■ **WORK INSTRUCTIONS**
Your output is to hold only the lines from the one showing "Chase the sun" through the end of the listing, exactly, with every picture excluded.

■ **GIVEN INFORMATION**
Segment Open
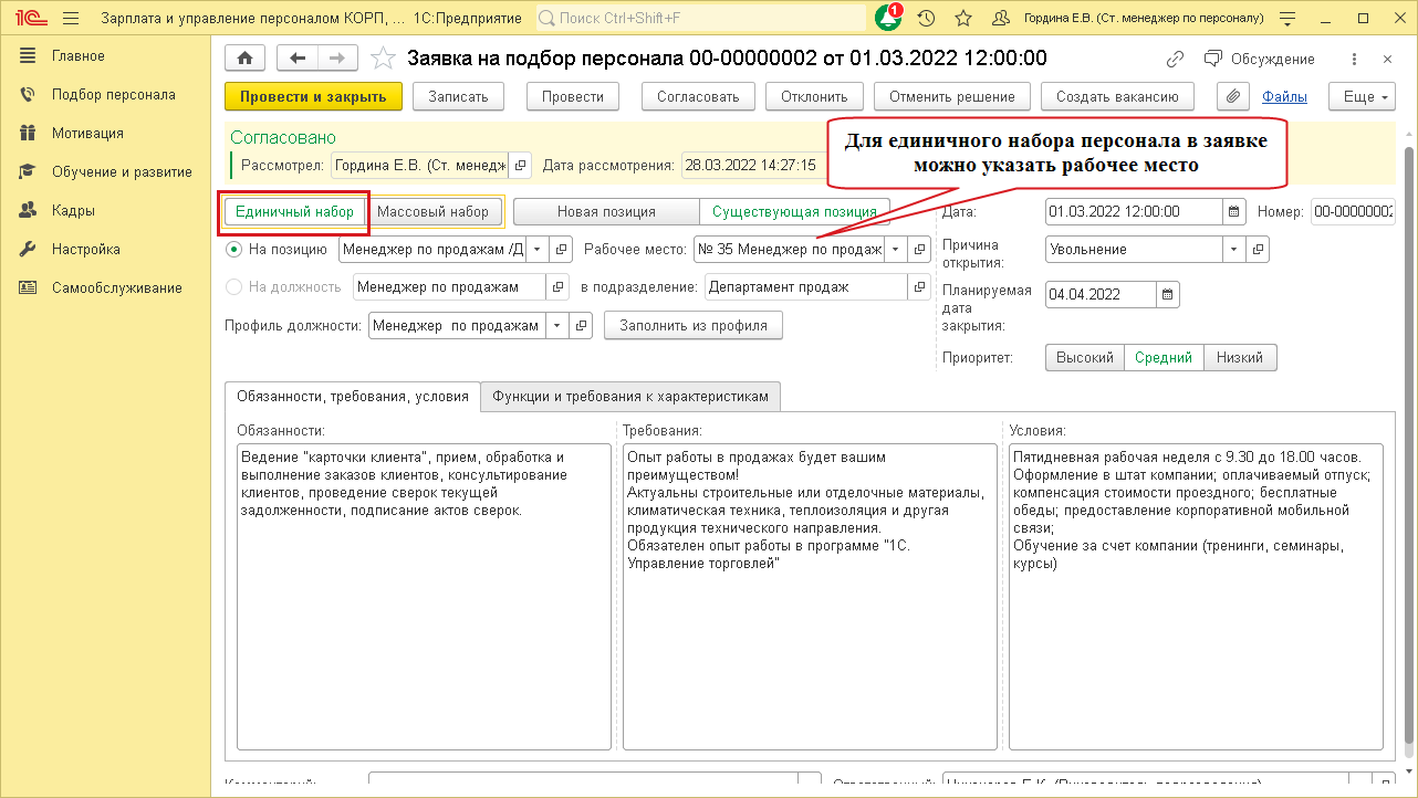 Заказчик в Заявке на подбор может указать конкретное рабочее место, на которое нужно найти сотрудника (для единичного набора).
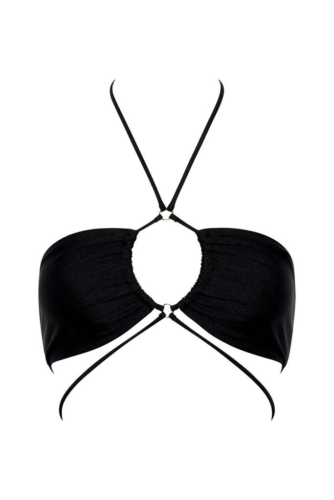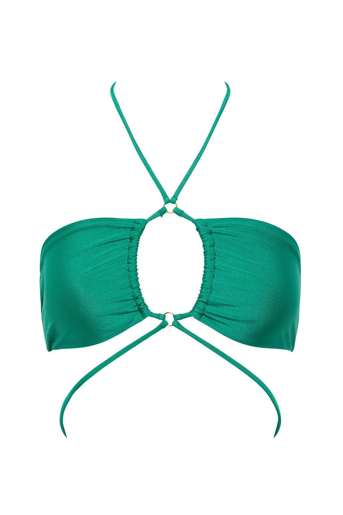 Chase the sun in this staple bandeau style. Features flattering ruching, a striking cut out at the centre bust & extra long ties that can be worn wrapped at the waist. Halter tie & gold clip closure at back.
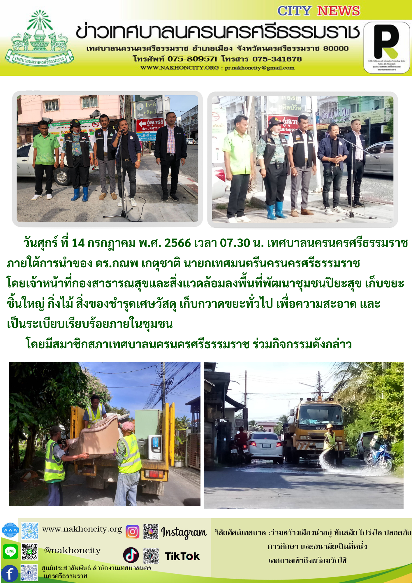 วันศุกร์ ที่ 14 กรกฎาคม พ.ศ. 2566 เวลา 07.30 น. เทศบาลนครนครศรีธรรมราช ภายใต้การนำของ ดร.กณพ เกตุชาติ นายกเทศมนตรีนครนครศรีธรรมราช โดยเจ้าหน้าที่กองสาธารณสุขและสิ่งแวดล้อมลงพื้นที่พัฒนาชุมชนปิยะสุข เก็บขยะชิ้นใหญ่ กิ่งไม้ สิ่งของชำรุดเศษวัสดุ เก็บกวาดขยะทั่วไป เพื่อความสะอาด และเป็นระเบียบเรียบร้อยภายในชุมชน โดยมีสมาชิกสภาเทศบาลนครนครศรีธรรมราช ร่วมกิจกรรมดังกล่าว
Segment Closed
■ **ANSWER TO THE EXERCISE**
 Chase the sun in this staple bandeau style. Features flattering ruching, a striking cut out at the centre bust & extra long ties that can be worn wrapped at the waist. Halter tie & gold clip closure at back.
 วันศุกร์ ที่ 14 กรกฎาคม พ.ศ. 2566 เวลา 07.30 น. เทศบาลนครนครศรีธรรมราช ภายใต้การนำของ ดร.กณพ เกตุชาติ นายกเทศมนตรีนครนครศรีธรรมราช โดยเจ้าหน้าที่กองสาธารณสุขและสิ่งแวดล้อมลงพื้นที่พัฒนาชุมชนปิยะสุข เก็บขยะชิ้นใหญ่ กิ่งไม้ สิ่งของชำรุดเศษวัสดุ เก็บกวาดขยะทั่วไป เพื่อความสะอาด และเป็นระเบียบเรียบร้อยภายในชุมชน โดยมีสมาชิกสภาเทศบาลนครนครศรีธรรมราช ร่วมกิจกรรมดังกล่าว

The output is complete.